Report #1 by Anonymous (Referee 4) on 2023-8-10 (Invited Report)
- Cite as: Anonymous, Report on arXiv:2303.05376v1, delivered 2023-08-10, doi: 10.21468/SciPost.Report.7640
Strengths
1- Innovative method for jet generation.
2- Strong performance compared to standard baselines.
3- Authors provide additional jet substructure observables to highlight the capability of the model to learn complex correlations between particles.
Weaknesses
1 - Lack of details about the individual choice of parameters in the main text (beta, alpha)
2- Unclear motivation for some design choices (modified loss function with additional alpha parameter)
Report
The authors introduce PC-JeDi, a diffusion-based model for jet generation. The proposed model shows remarkable performance at generating jets from quarks and gluons, often achieving state-of-the-art performance across different metrics. The work is novel and I recommend for publication in SciPost Physics.
The authors should make the choice of parameters explicit in the main body of the text instead of describing the details in an appendix. More notably, Eq.7 that describes the main loss function, is misleading assuming that later the authors choose a different norm (Huber loss) for the training. On the same note, the choice of mixing MLE and standard diffusion training in the loss function does not seem to be well motivated. The authors point out the instability with \sigma(t) when t→0, which is still used in the loss function. How does the parameter \alpha gets to be chosen? How much the results change if \alpha=0?

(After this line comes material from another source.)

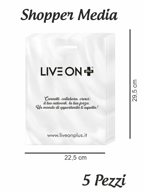 Pratico pacchetto da 5 buste, ciascuna misura 22,5x29 cm, realizzate in plastica lucida e resistente.Ideali per proteggere e contenere i tuoi acquisti, unendo funzionalità ed eleganza....

The results are presented clearly with good number of evaluation metrics to test the performance of the generative model. The authors also point out that the truncation of the number of particles leads to a mismatch between generated jet kinematics and true jet kinematics (pT and mass). In the conditional generation however, the authors show an almost diagonal match between reconstructed and conditional inputs. Are the conditional quantities used during training derived from the jets after truncation or do they represent the original jet kinematics?
Requested changes
1- Fix the choice of MLE weighting \lambda(t) = \beta(t) and not \beta(t)^2 in the text and Eq.7
2- Explicitly mention the choice of parameters used as they are introduced in the text: beta parameterization and upper boundary used in Eq. 2, choice of alpha in Eq.7 , resulting choice of \sigma(t) and \gamma(t).
3- Directly after Eq.7 to mention the use of Huber loss instead of MSE or add that directly to the loss function.
4- Add an explanation on how \alpha is chosen and the impact of this choice on the results presented. Good but not necessary: comparison of the results when \alpha=0 or at least a comment on the impact of this choice in the results presented.